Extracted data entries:
================================

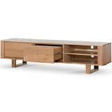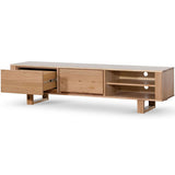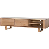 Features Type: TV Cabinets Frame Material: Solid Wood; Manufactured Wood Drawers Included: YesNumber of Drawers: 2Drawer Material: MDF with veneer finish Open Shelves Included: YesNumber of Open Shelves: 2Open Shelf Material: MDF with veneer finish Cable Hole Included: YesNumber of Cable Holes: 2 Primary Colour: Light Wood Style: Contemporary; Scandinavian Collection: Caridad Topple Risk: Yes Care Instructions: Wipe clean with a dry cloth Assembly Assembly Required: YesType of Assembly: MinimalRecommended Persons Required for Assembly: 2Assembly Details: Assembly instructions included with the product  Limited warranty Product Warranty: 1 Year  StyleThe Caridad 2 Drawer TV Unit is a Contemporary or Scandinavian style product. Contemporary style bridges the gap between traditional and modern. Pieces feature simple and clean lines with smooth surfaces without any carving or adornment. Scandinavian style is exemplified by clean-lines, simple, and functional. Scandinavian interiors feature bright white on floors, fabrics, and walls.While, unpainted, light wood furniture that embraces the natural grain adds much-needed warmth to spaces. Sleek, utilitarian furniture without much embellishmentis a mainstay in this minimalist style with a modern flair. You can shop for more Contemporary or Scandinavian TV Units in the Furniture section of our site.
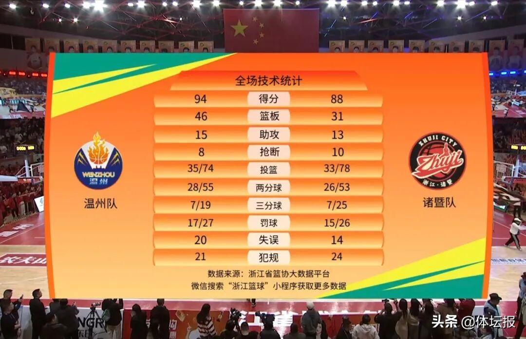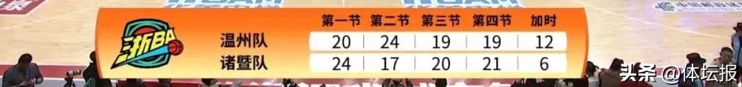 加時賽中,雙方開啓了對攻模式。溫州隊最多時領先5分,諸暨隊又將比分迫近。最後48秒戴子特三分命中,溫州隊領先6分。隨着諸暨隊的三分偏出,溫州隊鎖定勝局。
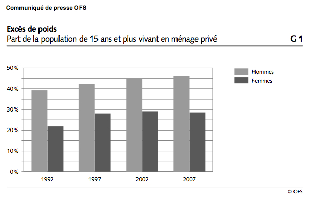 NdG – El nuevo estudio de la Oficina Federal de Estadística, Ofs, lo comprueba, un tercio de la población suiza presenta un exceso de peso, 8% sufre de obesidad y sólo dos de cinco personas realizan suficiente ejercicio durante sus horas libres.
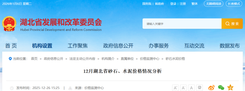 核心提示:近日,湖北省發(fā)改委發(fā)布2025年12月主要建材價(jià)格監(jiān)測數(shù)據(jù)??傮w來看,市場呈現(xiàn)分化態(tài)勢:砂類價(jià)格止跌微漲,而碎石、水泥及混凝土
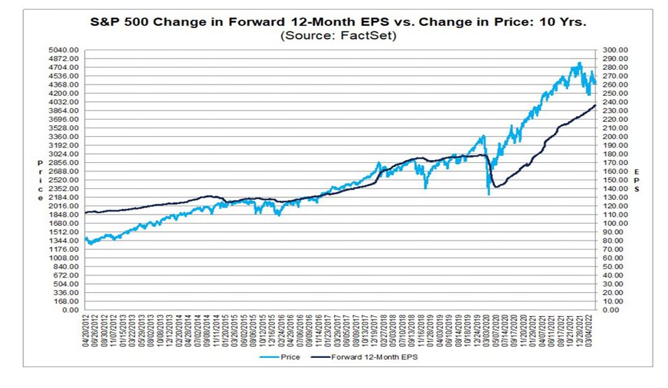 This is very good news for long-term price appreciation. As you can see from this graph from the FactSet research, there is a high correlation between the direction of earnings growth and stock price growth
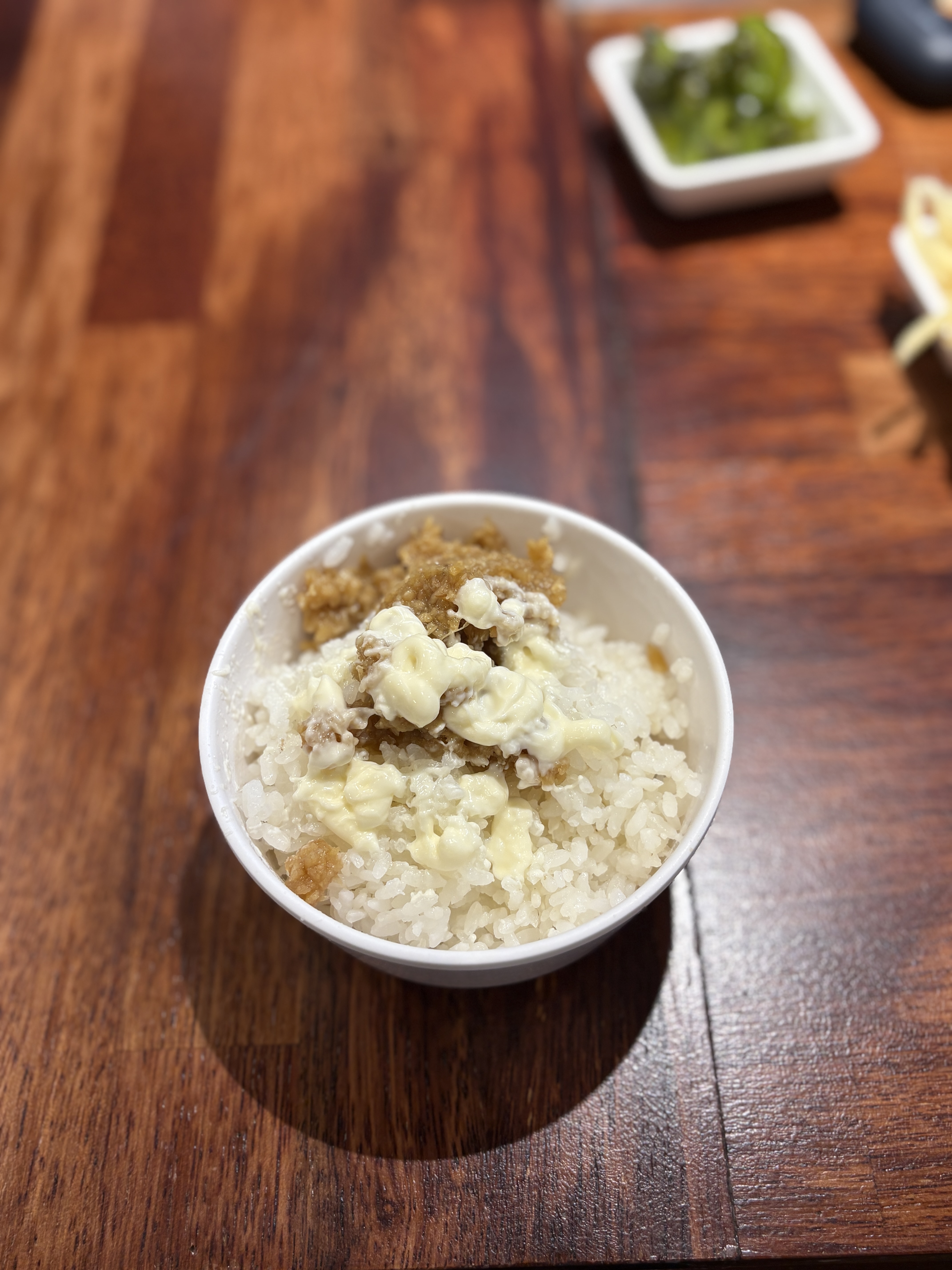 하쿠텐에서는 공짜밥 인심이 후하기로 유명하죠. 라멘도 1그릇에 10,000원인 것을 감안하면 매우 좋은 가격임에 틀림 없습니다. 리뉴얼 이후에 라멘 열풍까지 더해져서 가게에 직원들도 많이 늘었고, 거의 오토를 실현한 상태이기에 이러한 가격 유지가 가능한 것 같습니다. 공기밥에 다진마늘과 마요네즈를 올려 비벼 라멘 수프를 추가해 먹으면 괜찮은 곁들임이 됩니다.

================================

**TASK GOAL:**
Each line above should be returned exactly as it stands, minus any pictures.

**PROBLEM SOLUTION:**
 Features Type: TV Cabinets Frame Material: Solid Wood; Manufactured Wood Drawers Included: YesNumber of Drawers: 2Drawer Material: MDF with veneer finish Open Shelves Included: YesNumber of Open Shelves: 2Open Shelf Material: MDF with veneer finish Cable Hole Included: YesNumber of Cable Holes: 2 Primary Colour: Light Wood Style: Contemporary; Scandinavian Collection: Caridad Topple Risk: Yes Care Instructions: Wipe clean with a dry cloth Assembly Assembly Required: YesType of Assembly: MinimalRecommended Persons Required for Assembly: 2Assembly Details: Assembly instructions included with the product  Limited warranty Product Warranty: 1 Year  StyleThe Caridad 2 Drawer TV Unit is a Contemporary or Scandinavian style product. Contemporary style bridges the gap between traditional and modern. Pieces feature simple and clean lines with smooth surfaces without any carving or adornment. Scandinavian style is exemplified by clean-lines, simple, and functional. Scandinavian interiors feature bright white on floors, fabrics, and walls.While, unpainted, light wood furniture that embraces the natural grain adds much-needed warmth to spaces. Sleek, utilitarian furniture without much embellishmentis a mainstay in this minimalist style with a modern flair. You can shop for more Contemporary or Scandinavian TV Units in the Furniture section of our site.
 加時賽中,雙方開啓了對攻模式。溫州隊最多時領先5分,諸暨隊又將比分迫近。最後48秒戴子特三分命中,溫州隊領先6分。隨着諸暨隊的三分偏出,溫州隊鎖定勝局。
 NdG – El nuevo estudio de la Oficina Federal de Estadística, Ofs, lo comprueba, un tercio de la población suiza presenta un exceso de peso, 8% sufre de obesidad y sólo dos de cinco personas realizan suficiente ejercicio durante sus horas libres.
 核心提示:近日,湖北省發(fā)改委發(fā)布2025年12月主要建材價(jià)格監(jiān)測數(shù)據(jù)??傮w來看,市場呈現(xiàn)分化態(tài)勢:砂類價(jià)格止跌微漲,而碎石、水泥及混凝土
 This is very good news for long-term price appreciation. As you can see from this graph from the FactSet research, there is a high correlation between the direction of earnings growth and stock price growth
 하쿠텐에서는 공짜밥 인심이 후하기로 유명하죠. 라멘도 1그릇에 10,000원인 것을 감안하면 매우 좋은 가격임에 틀림 없습니다. 리뉴얼 이후에 라멘 열풍까지 더해져서 가게에 직원들도 많이 늘었고, 거의 오토를 실현한 상태이기에 이러한 가격 유지가 가능한 것 같습니다. 공기밥에 다진마늘과 마요네즈를 올려 비벼 라멘 수프를 추가해 먹으면 괜찮은 곁들임이 됩니다.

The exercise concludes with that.